Nick recalls the pleasures of returning home to the Midwest on his Christmas breaks from school, suggesting that even while he knew the East was superior in so many ways, he felt its truths were distorted. Ultimately, he says, he decided to go home. As he is tying up loose ends, he has a conversation with Jordan, who listens to his explanations of why he doesn't want to see her with no reaction, except of saying she is engaged.

Finally, he also has an encounter with Tom Buchanan, demanding to know what happened in the hours after Gatsby's death - specifically, when Wilson came to the house looking for the yellow car. Tom insists that Wilson was crazy with grief and that he had his revolver in his hand, and that even if Tom did say who owned the yellow car, Gatsby got what he deserved. 'He threw dust into your eyes just like he did in Daisy's, but ... he ran over Myrtle like you'd run over a dog and never even stopped his car.' Nick comments that there is nothing he could say, 'except the one unutterable fact that it wasn't true'. He then writes in narration of seeing clearly that Tom believed everything he did was justified, but also the truth of who he and Daisy really were.

On his final night on Long Island, Nick visits Gatsby's house one last time, then goes out to the beach, where he looks at the same view Gatsby must have had and contemplates the journey, emotional and physical, that Gatsby made in pursuit of his dream. Nick stares at the green light on what used to be Tom and Daisy's clock, remembering.

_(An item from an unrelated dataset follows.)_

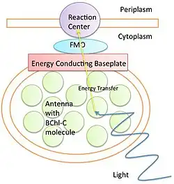 - ^ Thyrhaug, Erling; Žídek, Karel; Dostál, Jakub; Bína, David; Zigmantas, Donatas (May 2016). "Exciton Structure and Energy Transfer in the Fenna-Matthews-Olson Complex". The Journal of Physical Chemistry Letters. 7 (9): 1653–1660. doi:10.1021/acs.jpclett.6b00534. PMID 27082631. S2CID 26355154.

Themes and Character Analysis

Truth / honesty versus lies

  • Reference to media sensationalism and the lies told by Catherine : the tension between truth and honesty, Nick's perhaps naive belief in honesty and integrity as general human values
  • The disappearance of Tom and Daisy : demonstrates their complete self-absorption and lack of integrity by taking off
  • Klipspringer's attitude represents the self-serving attitudes of just about everyone who attended one of Gatsby's parties, while the appearance of the guest from the library as previously discussed, links Gatsby's death to reality. This is in contrast to the perspective offered by Klipspringer, who links Gatsby's life with shallowness and the fantasy that his money made him worthwhile (particularly to Daisy)

Tom

Told Wilson where to find Gatsby, a representation of the self-justification and self-interested self-preservation at work in the lives and attitudes of those 'American Dreamers' that Tom represents and embodies.

Nick

Didn't tell Tom what Gatsby told him about who was driving when Myrtle was killed. In other words, Nick tells a lie by concealing the truth, thereby making himself less honest than he seems to want the reader to be.

His commentary on East and West, specifically his suggestion that the alluring economic and social prosperity promised by life in the East is as much of an illusion as Gatsby's belief in Daisy's love. The idea that the two journeys are parallel, that Nick's attempt to enter that eastern prosperity is as deluded and empty as Gatsby's attempt to re-enter his past with Daisy, is reinforced by the work's final image, Nick standing in the same place that Gatsby stood where Nick first saw him, face to face with his dream across the bay. The difference between the two men, Nick and Gatsby, is that Nick is still alive, physically and emotionally, and can return to the truth that he left behind, a life of integrity which, his physical journey back home suggests, still exists. Gatsby, on the other hand, is dead, his attempt to return to his past ending in failure because his past (i.e. his relationship with Daisy) does not any longer exist. Nick is sick of the empty values represented by the East.